Strigolactones are involved in phosphate- and nitrate-deficiency-induced root development and auxin transport in rice | Plant Gene Seeker -PGS | Scoop.it

Journal of Experimental Botany

Andres Zurita's insight:

Strigolactones (SLs) or their derivatives have recently been defined as novel phytohormones that regulate root development. However, it remains unclear whether SLs mediate root growth in response to phosphorus (P) and nitrogen (N) deficiency. In this study, the responses of root development in rice (Oryza sativa L.) to different levels of phosphate and nitrate supply were investigated using wild type (WT) and mutants defective in SL synthesis (d10 and d27) or insensitive to SL (d3).
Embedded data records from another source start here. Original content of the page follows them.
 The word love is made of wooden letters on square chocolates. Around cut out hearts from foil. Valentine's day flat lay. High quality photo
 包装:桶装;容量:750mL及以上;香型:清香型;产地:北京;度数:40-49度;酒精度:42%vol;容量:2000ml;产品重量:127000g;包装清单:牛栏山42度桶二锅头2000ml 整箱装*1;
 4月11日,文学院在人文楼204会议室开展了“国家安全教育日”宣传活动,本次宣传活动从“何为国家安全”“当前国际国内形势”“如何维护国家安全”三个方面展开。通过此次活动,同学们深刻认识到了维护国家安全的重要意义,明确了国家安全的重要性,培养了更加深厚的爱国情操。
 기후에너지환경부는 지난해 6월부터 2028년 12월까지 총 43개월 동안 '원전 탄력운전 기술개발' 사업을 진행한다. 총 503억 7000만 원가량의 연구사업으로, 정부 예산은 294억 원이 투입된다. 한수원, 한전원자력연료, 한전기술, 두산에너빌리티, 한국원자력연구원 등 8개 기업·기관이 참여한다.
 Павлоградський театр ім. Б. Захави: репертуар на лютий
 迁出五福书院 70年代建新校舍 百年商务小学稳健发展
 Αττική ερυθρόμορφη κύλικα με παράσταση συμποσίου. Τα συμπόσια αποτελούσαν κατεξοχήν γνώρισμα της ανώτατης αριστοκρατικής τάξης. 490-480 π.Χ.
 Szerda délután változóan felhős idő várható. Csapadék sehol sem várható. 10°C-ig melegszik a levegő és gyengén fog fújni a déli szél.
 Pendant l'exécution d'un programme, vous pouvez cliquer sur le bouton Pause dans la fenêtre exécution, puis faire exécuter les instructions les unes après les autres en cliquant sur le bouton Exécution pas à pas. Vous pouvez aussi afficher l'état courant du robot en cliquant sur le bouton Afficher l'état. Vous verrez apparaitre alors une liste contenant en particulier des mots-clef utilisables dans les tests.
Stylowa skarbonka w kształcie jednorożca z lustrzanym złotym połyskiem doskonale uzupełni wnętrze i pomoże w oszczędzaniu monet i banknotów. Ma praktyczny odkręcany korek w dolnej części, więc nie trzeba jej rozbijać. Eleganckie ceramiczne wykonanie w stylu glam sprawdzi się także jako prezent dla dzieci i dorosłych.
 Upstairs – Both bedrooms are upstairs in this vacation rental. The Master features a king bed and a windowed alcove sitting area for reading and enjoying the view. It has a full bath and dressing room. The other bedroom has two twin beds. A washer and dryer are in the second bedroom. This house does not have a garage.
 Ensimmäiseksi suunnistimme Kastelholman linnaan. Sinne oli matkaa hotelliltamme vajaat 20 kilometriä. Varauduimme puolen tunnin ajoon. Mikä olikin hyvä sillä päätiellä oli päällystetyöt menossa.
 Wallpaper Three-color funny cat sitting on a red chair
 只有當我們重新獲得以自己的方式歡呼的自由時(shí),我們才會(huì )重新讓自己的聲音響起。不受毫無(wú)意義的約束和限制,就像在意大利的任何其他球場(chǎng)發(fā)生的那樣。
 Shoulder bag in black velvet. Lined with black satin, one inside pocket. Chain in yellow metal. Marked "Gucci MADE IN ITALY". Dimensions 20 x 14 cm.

Reduced concentration of either phosphate or nitrate led to increased seminal root length and decreased lateral root density in WT. Limitation of either P or N stimulated SL production and enhanced expression of D10, D17, and D27and suppressed expression of D3 and D14 in WT roots. Mutation of D10, D27, or D3 caused loss of sensitivity of root response to P and N deficiency. Application of the SL analogue GR24 restored seminal root length and lateral root density in WT and d10 and d27 mutants but not in the d3 mutant, suggesting that SLs were induced by nutrient-limiting conditions and led to changes in rice root growth via D3. Moreover, P or N deficiency or GR24 application reduced the transport of radiolabelled indole-3-acetic acid and the activity of DR5::GUS auxin reporter in WT and d10 and d27 mutants. These findings highlight the role of SLs in regulating rice root development under phosphate and nitrate limitation. The mechanisms underlying this regulatory role involve D3 and modulation of auxin transport from shoots to roots.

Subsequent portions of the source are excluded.